The 30∘ elevation used in this study was chosen, considering the following aspects: (1) the maximum Doppler resolution is obtained with zenith-pointing observations because the projection of the terminal velocity on the radar line of sight is the largest. However, at zenith the required polarimetric variables are close to zero. In the other extreme, (2) at a 0∘ elevation, polarimetric signatures are the strongest, but the projection of the terminal velocity on the radar beam is close to zero. Thus, a 30∘ elevation appears to be a good compromise for spectral polarimetry applications, but a detailed numerical study, which tries to identify the optimal elevation angle for this method, was not performed.
The second method is based on a comparison of the measured reflectivities (denoted as Zm) at distances close to the surface with calculated reflectivities based on DSDs observed by colocated disdrometer (Zd hereafter). Values of Zd are calculated according to Appendix A. This well-known approach is generally applicable to radars operating at any frequency; however, the issue of variable rain properties between the lowest range gate and the disdrometer location remains a source of uncertainty. Using radar observations at the lowest range gates also requires that there are no antenna near the field or receiver saturation effects and that wet radome or wet antenna effects are minimized. For a two-antenna system, such as that used for the FMCW systems in this study, the incomplete beam overlap is corrected for using the method in Sekelsky and Clothiaux (2002). At ranges larger than 250 m from the radar, the beam overlap for all radars used is better than 90 %. For the following analysis, we use Zm at a 250 m range. It should be noted that the calculations in this section use altitude and not range; for the slanted path, a conversion of range to altitude has to be applied. In the following, we will describe our approach for mitigating the two main sources of uncertainty for this method in the rainfall cases analyzed. A schematic of the entire processing chain is illustrated in Fig. 15.
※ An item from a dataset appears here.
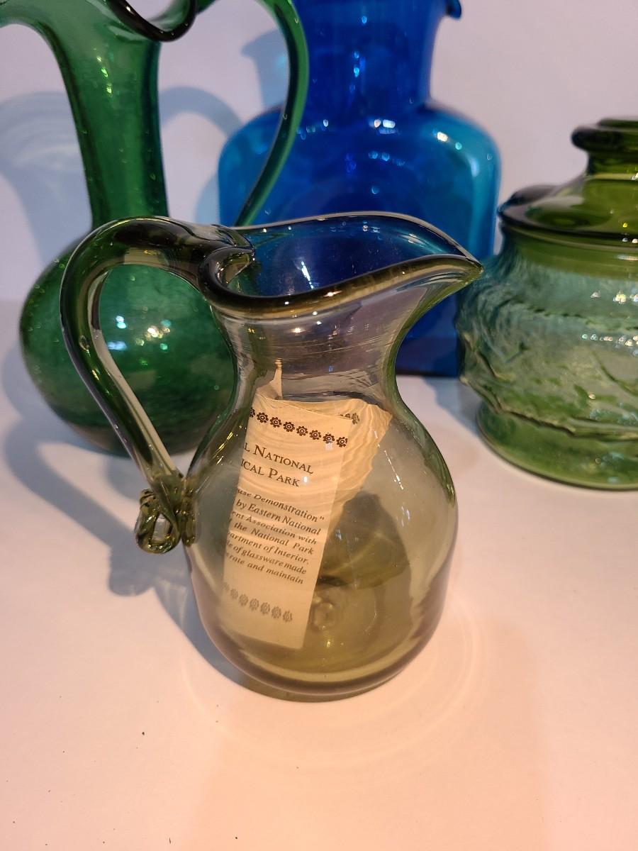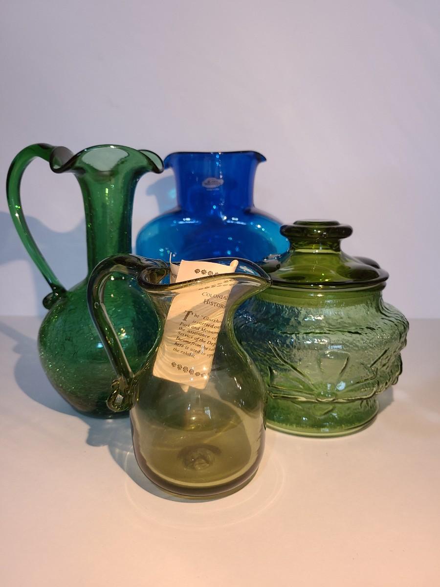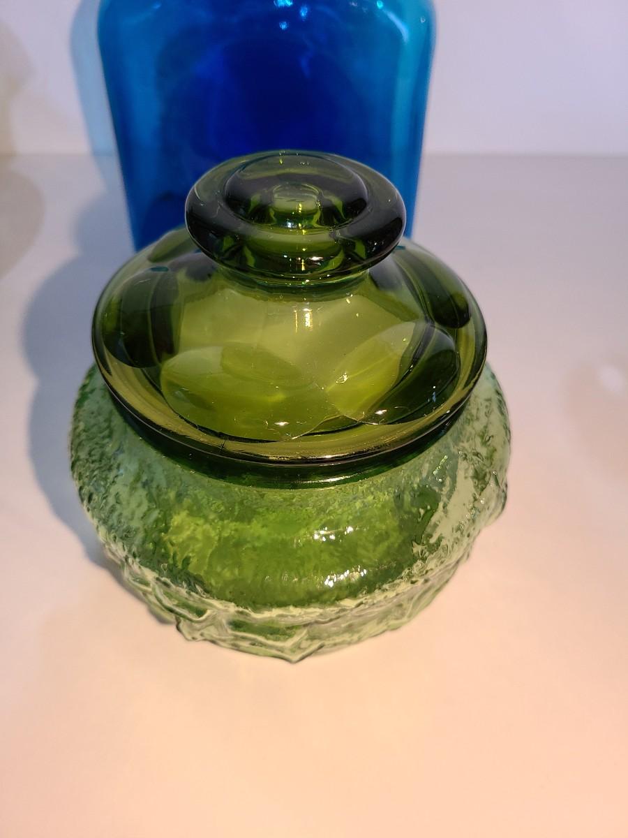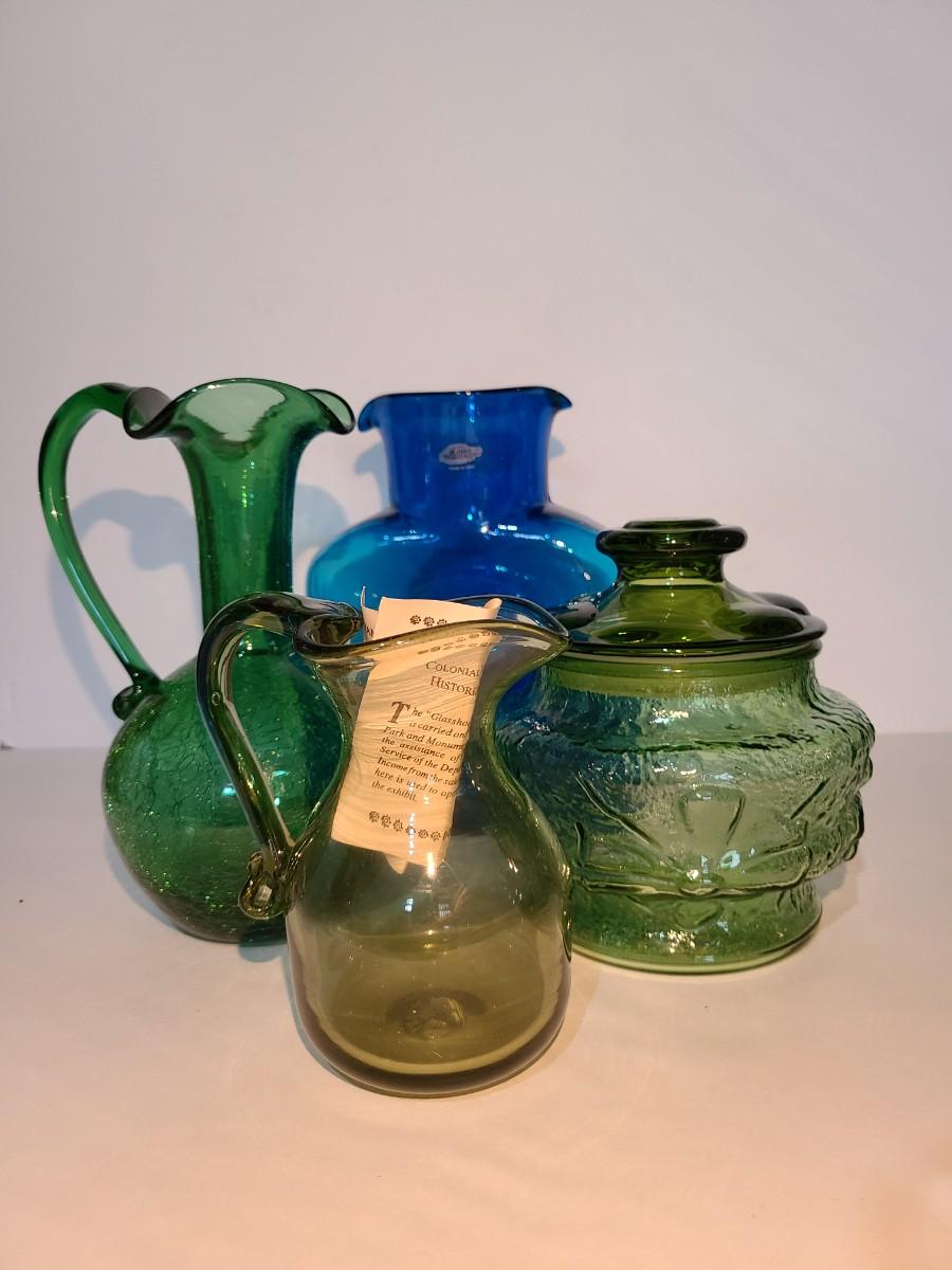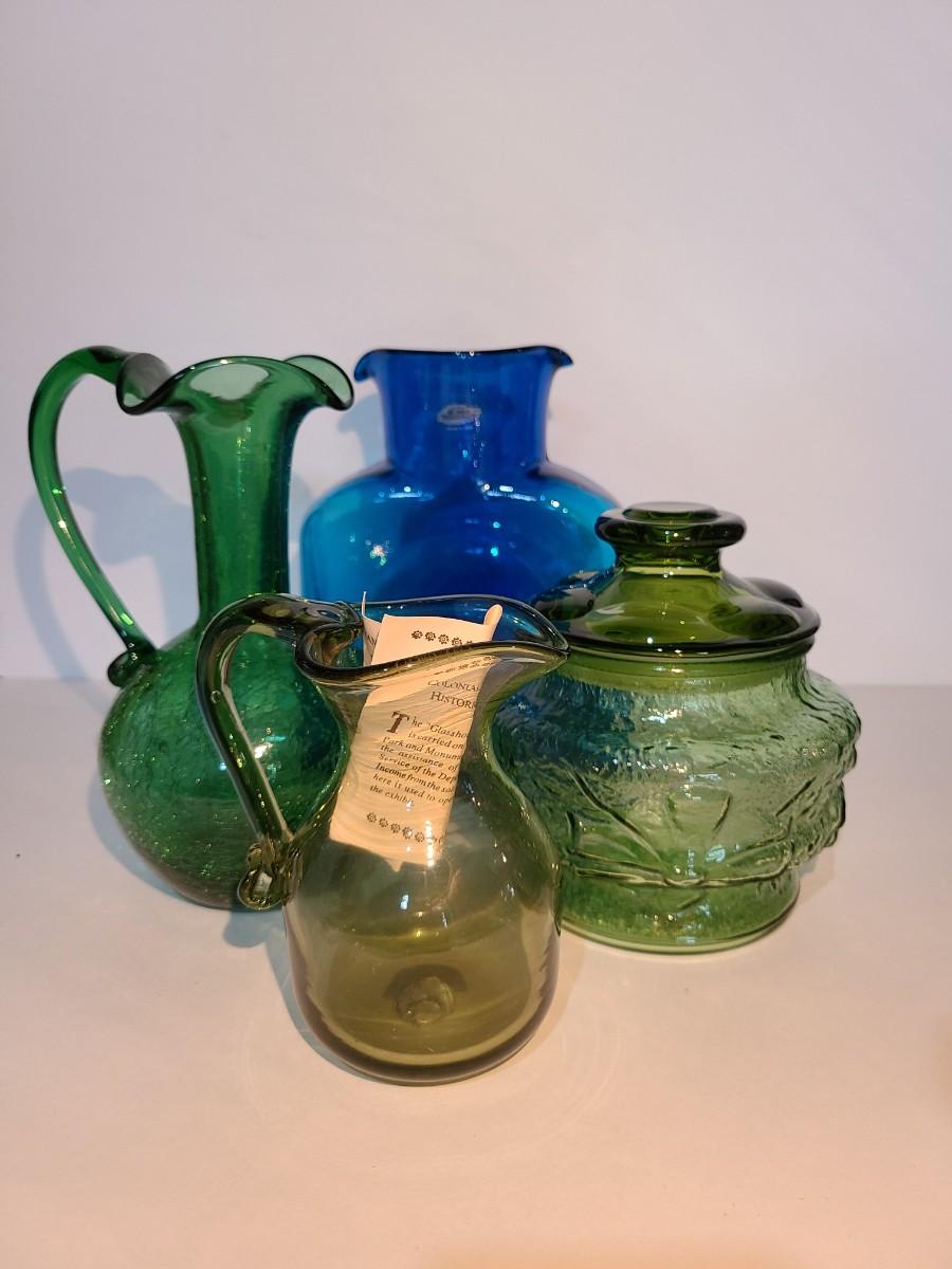 LOT 19: Blenko Pitcher, MCM Green Canister, Crackle Glass and More

4.1 Mitigating the effect of rain evaporation
Evaporation of rain on its way towards the surface is often observed at our sites. Figure 16 shows a simulation of the impact of evaporation on the reflectivity at 250 m. It can be seen that in subsaturated conditions the difference in radar reflectivity caused by evaporation can be strong. The effect is particularly pronounced for light precipitation, where the difference can exceed 2 dB. In this case, the scattering is dominated by relatively small drops whose diameters decrease faster due to evaporation than for big drops. In order to mitigate the effect of evaporation, we use an evaporation model described in Appendix A3. Based on temperature, relative humidity, and drop size at surface level, the model predicts the corresponding drop size at 250 m altitude.
For the calculations of drop sizes at a 250 m altitude, all drops detected by the LPM within 1 min prior to a radar sample time are used. In the case of Parsivel, which typically has a time resolution of 1 min, the data closest to a radar sample time are taken. The LPM in the single event mode provides diameters of single particles, and the evaporation model (Eq. A6) is directly applied to all detected drops. For Parsivel data, the evaporation model is applied to mean bin sizes, and the number of particles per size bin is assumed to be constant with altitude. Note that, in this case, the width of the size bin changes with altitude. This is equivalent to keeping the 32×32 raw data matrix – which is the standard output of Parsivel – constant but changing the mean drop diameters assigned to each matrix cell.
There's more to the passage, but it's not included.